The earliest possible identification of metabolic disorders is essential because early treatment may prevent permanent damage to vital organs, such as the liver or brain. Surgery is not the treatment in most of the metabolic disorders; they are controlled by dietary modifications. A cure is not possible in most disorders. Death does not occur in the first month; dietary control is effective.

 

REF:   p. 963

 

  1. A 3-month-old female presents with intention tremors, dystonia, greenish-yellow rings in the cornea, and hepatomegaly. Tests reveal a defect on chromosome 13. Which of the following is the most likely diagnosis?
a.
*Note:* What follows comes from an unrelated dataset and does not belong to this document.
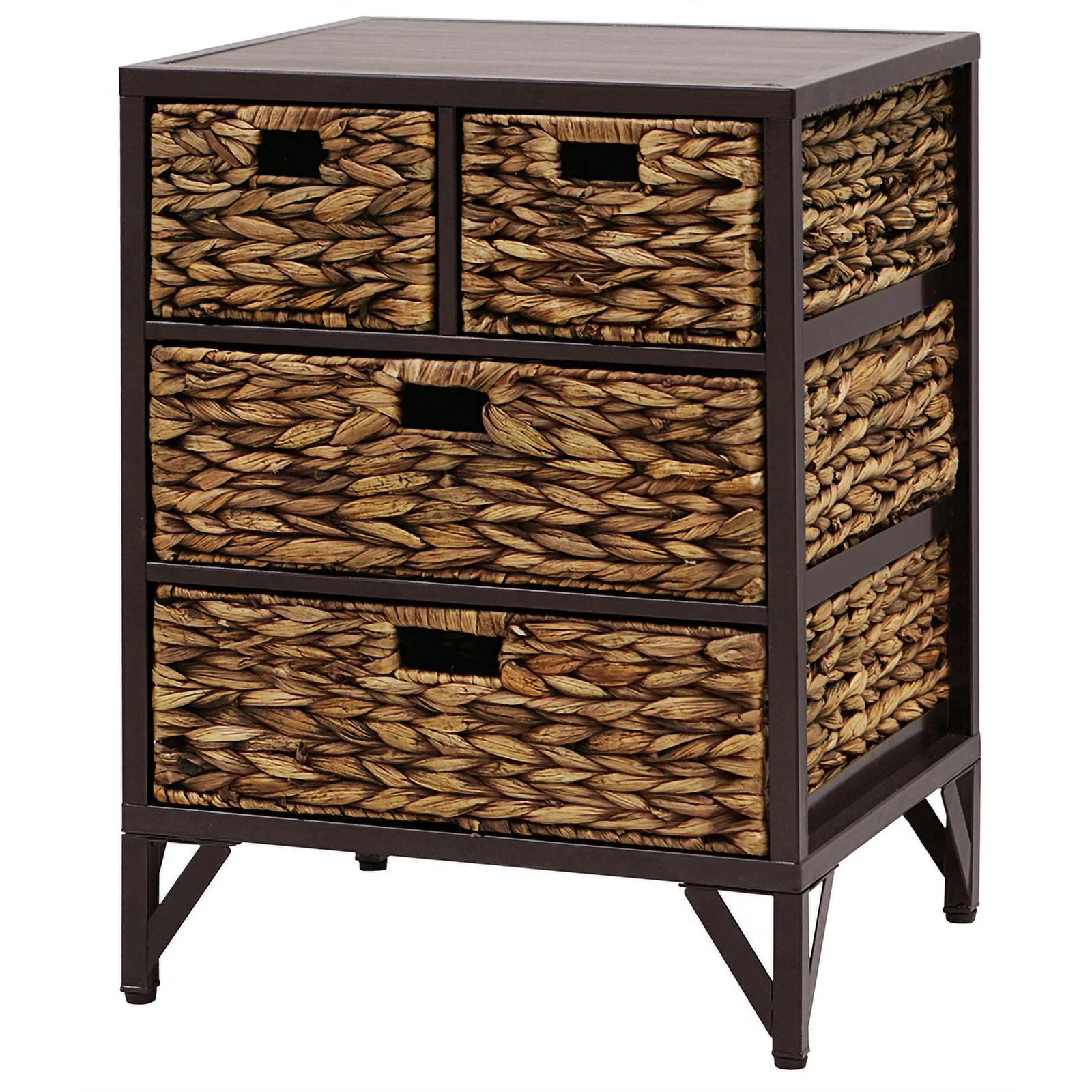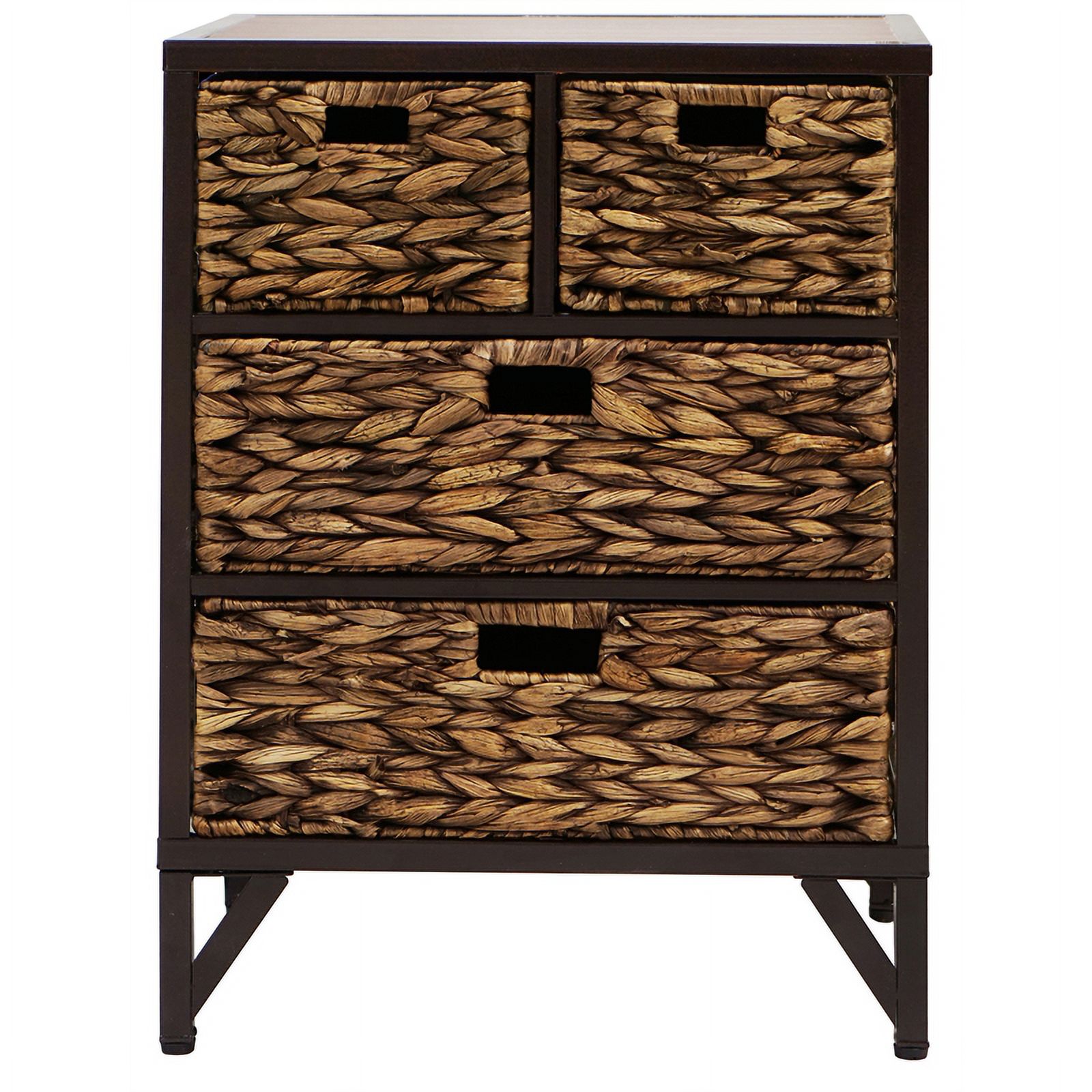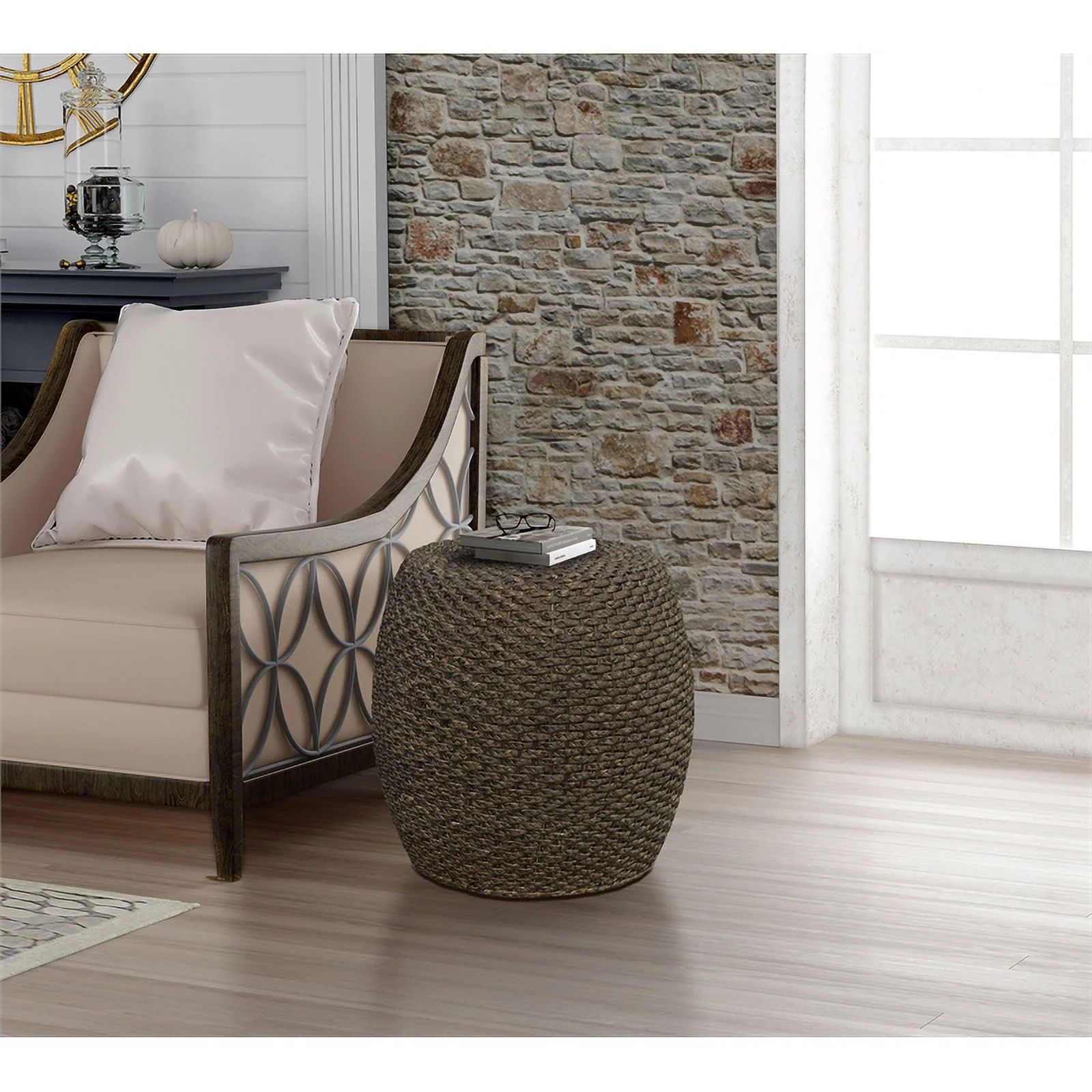 Gallerie Decor Fiji Transitional Hyacinth Wood Drum Side Table in Walnut

Galactosemia
b. Fructosemia
c. Wilson disease
d. Cirrhosis

 

 

ANS:  C

Wilson disease is manifested by dystonia and greenish-yellow rings in the cornea.

Galactosemia is manifested by high levels of blood galactose and vomiting. Fructosemia is manifested by high levels of blood fructose and hepatomegaly but not dystonia and rings in the cornea. Cirrhosis is manifested by hepatomegaly but not dystonia and greenish-yellow rings in the cornea.

 

REF:   p. 964, Table 37-2

 

MULTIPLE RESPONSE

 

  1. Which of the following are complications of gastroesophageal reflux disease (GERD)? (select all that apply)
a. Esophagitis
b. Barrett esophagus (BE)
c. Cough
d. Recurrent otitis media (OM)
e. Bloody vomitus

 

 

ANS:  A, B, C, D

Esophageal complications of GER can be significant, such as esophagitis; hemorrhage; stricture; Barrett esophagus (BE) (see Chapter 36); and, rarely, adenocarcinoma. Extraesophageal symptoms include cough and wheezing, laryngitis, pharyngitis, dental erosions, sinusitis, recurrent otitis media, and Sandifer’s syndrome (a neurologic disorder). Bloody vomitus is not a complication of gastroesophageal reflux disease.